I have been following Koko since the late seventies. What she and Francine Patterson did together in terms of communication was nothing short of remarkable. But that is not what is profound here is not the work they did together but the deep and lasting relationship they had.

It is easy for a human being to love another human being. While we’re all very different, from any perspective outside of our own species, we’re all pretty much the same. We work hard at that and it’s not a bad thing. When we try to see other points of view we draw ourselves closer. I’m not saying we’re not all individuals—we truly are—but perhaps no more individualized than many other individuals within a species. It’s an intraspecies thing.

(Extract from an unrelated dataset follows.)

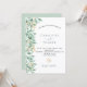 Um fundo branco-quic decorado com prigos botânicos de ouro verdes e falsos, florais verdes e folhagem. Personalize e adicione seus nomes e detalhes do casamento. Letras pretas e verdes. Verso: cor verde do fundo.

Gorillas aren’t that different from us. They have a big primate brain. The brain is shaped a lot like ours. We didn’t diverge from them more than ten million years ago—more than twenty times that for Alex or Ibn. They’re practically cousins in an evolutionary sense.

They are, in fact, close enough that when we bridge that gap we can be fairly certain that what we recognize on the other side is probably not our imaginations.

I have no doubt that Francine Patterson loved Koko. It’s obvious in her filmed interactions with her. With the way she rewrote her life around Koko. I don’t think Patterson had any illusions about Koko. I don’t think she thought of Koko as another human being the way we so often foist our own species image on other animals. Right now she is no doubt heartbroken and grieving.

I have no doubt Koko cared for Patterson. There is something in the films—some difference between how Koko interacts with her and how Koko interacts with anyone else—that suggests that to me.

Where humans are really at their best is when we try to honestly reach across that species barrier. We do this all the time and if there is anything divine or magnificent about human beings, this is one place where it appears.

It’s not surprising when we love them. It’s a gift when they love us back.